MONTGOMERY, AL (WSFA) - When you mention the name United Way that conjures up the image of people helping people, but things have changed dramatically for one of its best known employees. Over the last 18 years, he's helped raise millions for agencies in town and now he finds himself calling on one of them during his time of need.
Hank Schmitt was planning to retire after 20 years at United Way but now he's learned he won't make it. "August 5th is when the doctors - I was laying in the hospital bed - said OK. We're calling in Hospice. We can't do anything else."
And, the reasons why doctors said that are even more scary.
"My diagnosis is......congestive heart failure and with a Hospice diagnosis.....the presumption, I guess you could say or the guess is that, August the 5th I got six months left."
Schmitt was often the face of the United Way agencies here at channel 12 whenever there was a hurricane or severe weather. While he was helping people then he's now learning how to help himself.
He must use a breathing machine four times a day, and estimates he takes about 20 pills everyday. He also carries oxygen with him 24-7. And, he's had to - stop - doing a few things even though he says he's waited too late. "Probably last year I had to face the fact that I've had a life long romance with food. Obviously, food's not bad but back in the day when I could eat three or four cheeseburgers at a sitting - that ain't good for anybody," says Schmitt.
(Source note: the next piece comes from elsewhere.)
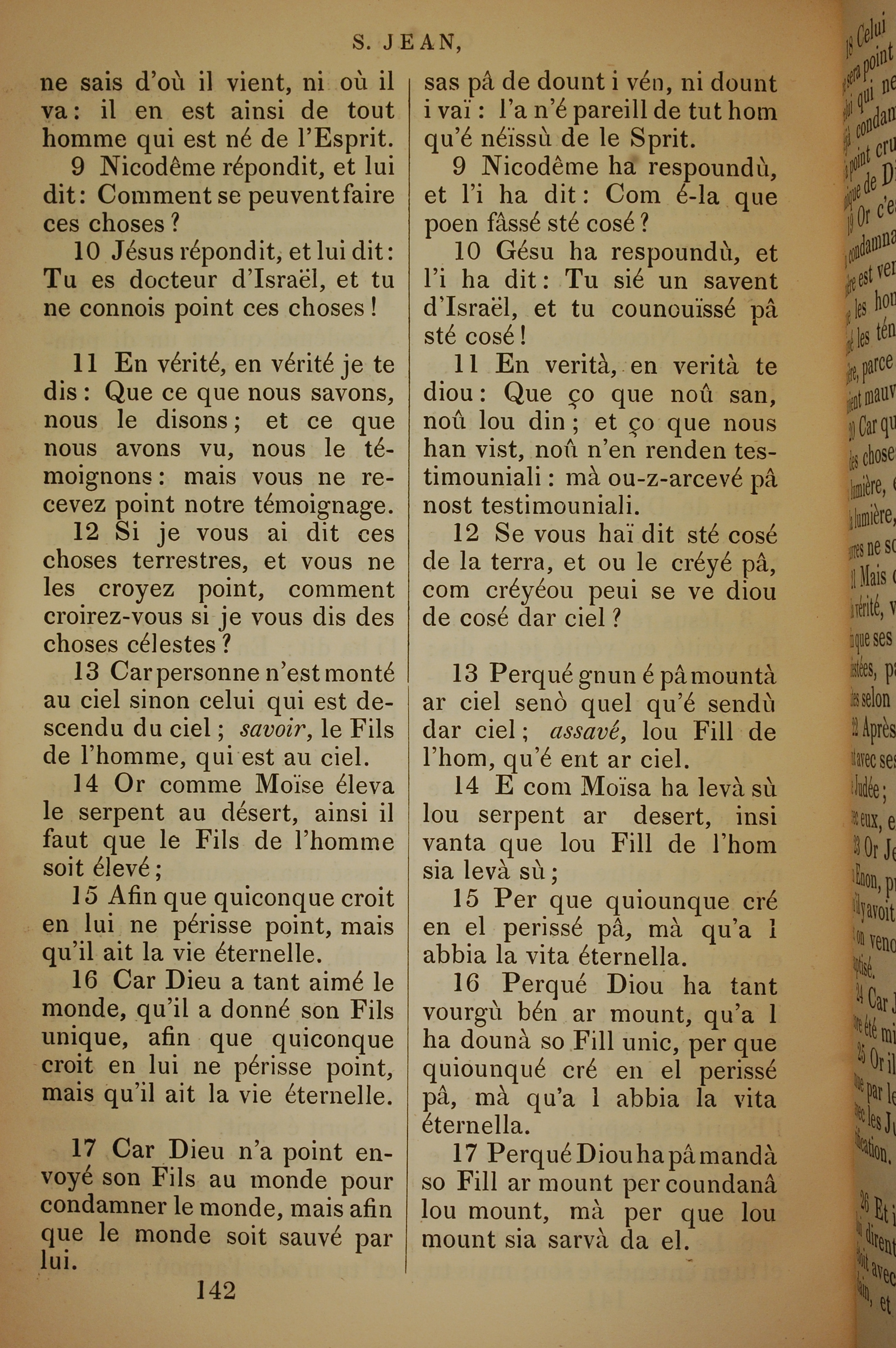 1832年法文聖經路加福音及約翰福音 約翰福音 3 章 9 節到 3 章 17 節

He weighs more than 300 pounds and those years of excessive eating, smoking and drinking have all taken their toll maybe costing him his life.
"A lot of people, and I suspect some of the people listening to this are smoking and eating too much maybe drinking too much. They say, oh well, I'll stop tomorrow. Stop today! Don't wait until tomorrow because you may find yourself flat on your back looking at an emergency room ceiling."
Hank Schmitt is preparing for his death and he plans to help others when he passes away. He wants no casket or body at his funeral because he's donating his body to the University of Alabama Medical School in Birmingham. That's so, he says, doctors can learn the skills to help other people down the road.